= Douglas Fielding =

British actor (1946–2019)

Douglas Fielding in 2019

Brian Douglas Fielder (6 June 1946 – 26 June 2019) known professionally as Douglas Fielding, a British actor of film and television, best known for playing the role of Sergeant Alec Quilley, previously Police Constable, in the police procedural drama Z-Cars (1969–1978). He later played the first regular policeman Roy Quick in the BBC soap opera EastEnders from 1985 until 1986.

== Career ==
Fielding completed a three-year acting course at the London Academy of Music and Dramatic Art from 1965 to 1968.

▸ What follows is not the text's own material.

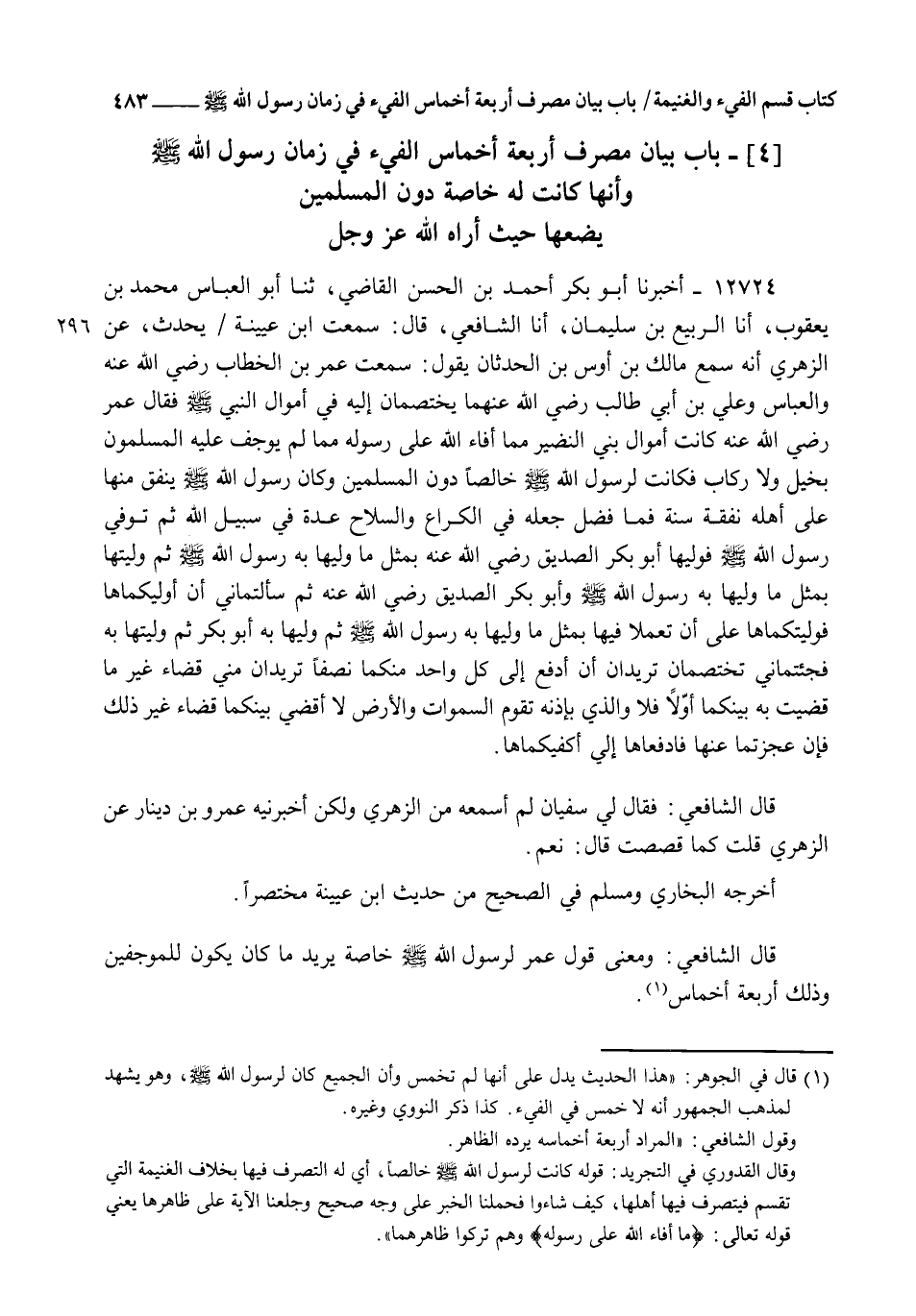 12724 - أَخْبَرَنَا أَبُو بَكْرٍ أَحْمَدُ بْنُ الْحَسَنِ الْقَاضِي، ثنا أَبُو الْعَبَّاسِ مُحَمَّدُ بْنُ يَعْقُوبَ، أنا الرَّبِيعُ بْنُ سُلَيْمَانَ , أنا الشَّافِعِيُّ قَالَ: سَمِعْتُ ابْنَ عُيَيْنَةَ يُحَدِّثُ، عَنِ الزُّهْرِيِّ , أَنَّهُ سَمِعَ مَالِكَ بْنَ أَوْسِ بْنِ الْحَدَثَانِ يَقُولُ: سَمِعْتُ عُمَرَ بْنَ الْخَطَّابِ رَضِيَ اللهُ عَنْهُ، وَالْعَبَّاسُ وَعَلِيُّ بْنُ أَبِي طَالِبٍ رَضِيَ اللهُ عَنْهُمَا يَخْتَصِمَانِ إِلَيْهِ فِي أَمْوَالِ النَّبِيِّ صَلَّى اللهُ عَلَيْهِ وَسَلَّمَ، فَقَالَ عُمَرُ رَضِيَ اللهُ عَنْهُ: §" كَانَتْ أَمْوَالُ بَنِي النَّضِيرِ مِمَّا أَفَاءَ اللهُ عَلَى رَسُولِهِ مِمَّا لَمْ يُوجِفْ عَلَيْهِ الْمُسْلِمُونَ بِخَيْلٍ وَلَا رِكَابٍ، فَكَانَتْ لِرَسُولِ اللهِ صَلَّى اللهُ عَلَيْهِ وَسَلَّمَ خَالِصًا دُونَ الْمُسْلِمِينَ، وَكَانَ رَسُولُ اللهِ صَلَّى اللهُ عَلَيْهِ وَسَلَّمَ يُنْفِقُ مِنْهَا عَلَى أَهْلِهِ نَفَقَةَ سَنَةٍ، فَمَا فَضَلَ جَعَلَهُ فِي الْكُرَاعِ وَالسِّلَاحِ عُدَّةً فِي سَبِيلِ اللهِ , ثُمَّ تُوُفِّيَ رَسُولُ اللهِ صَلَّى اللهُ عَلَيْهِ وَسَلَّمَ فَوَلِيَهَا أَبُو بَكْرٍ الصِّدِّيقُ رَضِيَ اللهُ عَنْهُ بِمِثْلِ مَا وَلِيَهَا بِهِ رَسُولُ اللهِ صَلَّى اللهُ عَلَيْهِ وَسَلَّمَ , ثُمَّ وَلِيتُهَا بِمِثْلِ مَا وَلِيَهَا بِهِ رَسُولُ اللهِ صَلَّى اللهُ عَلَيْهِ وَسَلَّمَ وَأَبُو بَكْرٍ الصِّدِّيقُ رَضِيَ اللهُ عَنْهُ، ثُمَّ سَأَلْتُمَانِي أَنْ أُوَلِّيَكُمَاهَا، فَوَلَّيْتُكُمَاهَا عَلَى أَنْ تَعْمَلَا فِيهَا بِمِثْلِ مَا وَلِيَهَا بِهِ رَسُولُ اللهِ صَلَّى اللهُ عَلَيْهِ وَسَلَّمَ ثُمَّ وَلِيَهَا بِهِ أَبُو بَكْرٍ ثُمَّ وَلِيتُهَا بِهِ، فَجِئْتُمَانِي تَخْتَصِمَانِ أتُرِيدَانِ أَنْ أَدْفَعَ إِلَى كُلِّ وَاحِدٍ مِنْكُما نِصْفًا، أتُرِيدَانِ مِنِّي قَضَاءً غَيْرَ مَا قَضَيْتُ بِهِ بَيْنَكُمَا أَوَّلًا , فَلَا وَالَّذِي بِإِذْنِهِ تَقُومُ السَّمَاوَاتُ وَالْأَرْضُ، لَا أَقْضِي بَيْنَكُمَا قَضَاءً غَيْرَ ذَلِكَ , فَإِنْ عَجَزْتُمَا عَنْهَا فَادْفَعَاهَا إِلِيَّ أَكْفِيكُمَاهَا " قَالَ الشَّافِعِيُّ: فَقَالَ لِي سُفْيَانُ: لَمْ أَسْمَعْهُ مِنَ الزُّهْرِيِّ، وَلَكِنْ أَخْبَرَنِيهِ عَمْرُو بْنُ دِينَارٍ عَنِ الزُّهْرِيِّ، قُلْتُ: كَمَا قَصَصْتَ؟ قَالَ: نَعَمْ أَخْرَجَهُ الْبُخَارِيُّ وَمُسْلِمٌ فِي الصَّحِيحِ مِنْ حَدِيثِ ابْنِ عُيَيْنَةَ مُخْتَصَرًا. قَالَ الشَّافِعِيُّ: وَمَعْنَى قَوْلِ عُمَرَ: لِرَسُولِ اللهِ صَلَّى اللهُ عَلَيْهِ وَسَلَّمَ خَاصَّةً، يُرِيدُ مَا كَانَ يَكُونُ لِلْمُوجِفِينَ، وَذَلِكَ أَرْبَعَةُ أَخْمَاسٍ -[484]-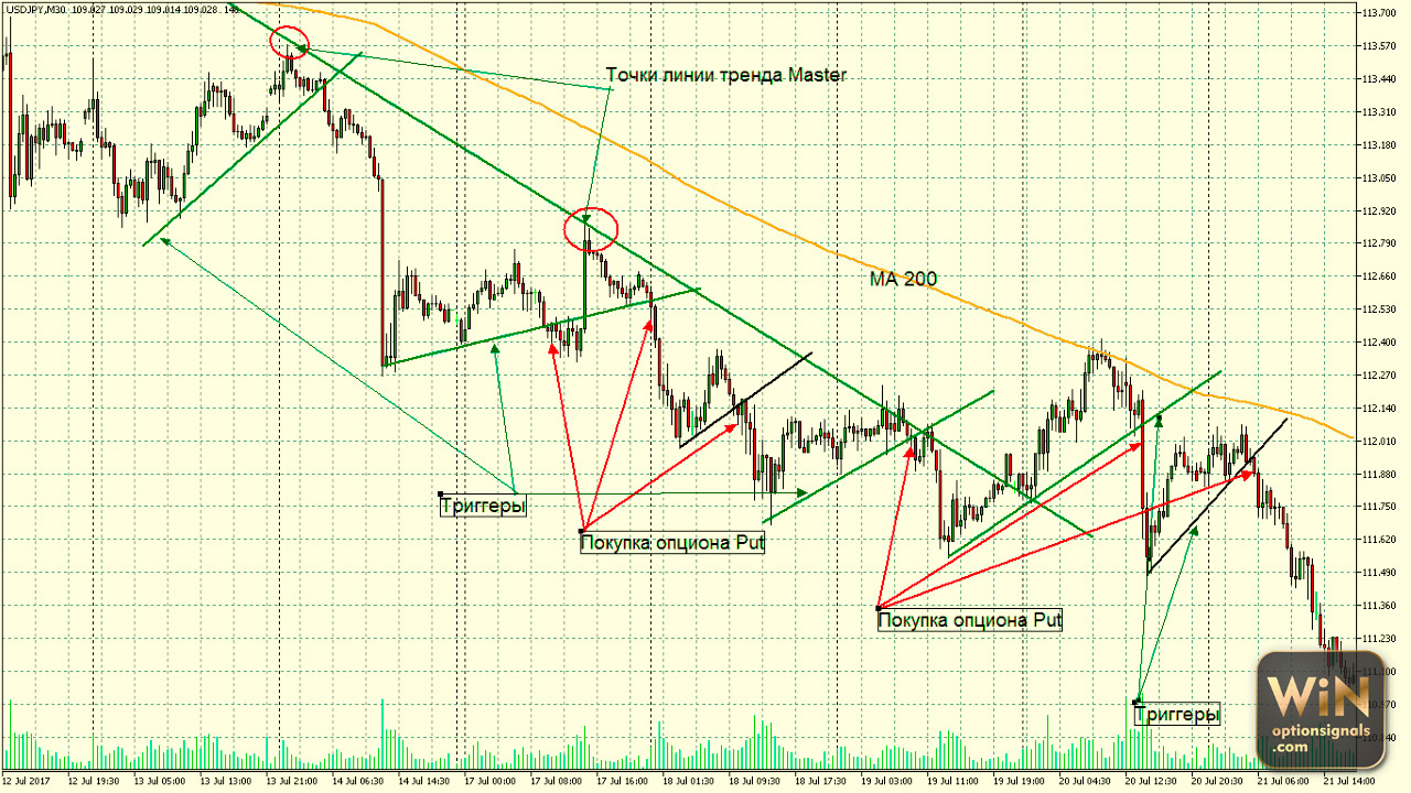 Also, instead of the “Master” line, MA200 (moving average with parameter 200) can be used. The process of adding it to the chart is much simpler than finding price lows and highs. The moving average (MA200) also indicates a change in trend, which allows it to be used as an additional filter. If the asset price is above the MA, then we take CALL; if below, we take PUT.

He made his television debut in 1968 playing Young Hodge in an episode of Mystery and Imagination. He also appeared in other successful television shows including Softly, Softly, Callan, Blake's 7, Angels, Juliet Bravo, The Bill, ChuckleVision, Family Affairs, and Doctors. In 2000 he returned to EastEnders playing a private investigator called Will.

Fielding appeared opposite Clive Owen in the video game Privateer 2: The Darkening (1996) and his film credits include the drama Holding On (1997) and the drama Hooligan Legacy (2016).

In 2018, it was announced that Fielding would guest star in Series 21 of Silent Witness.

He was the nephew of the sports administrator Dame Marea Hartman.

Fielding died on 26 June 2019, aged 73.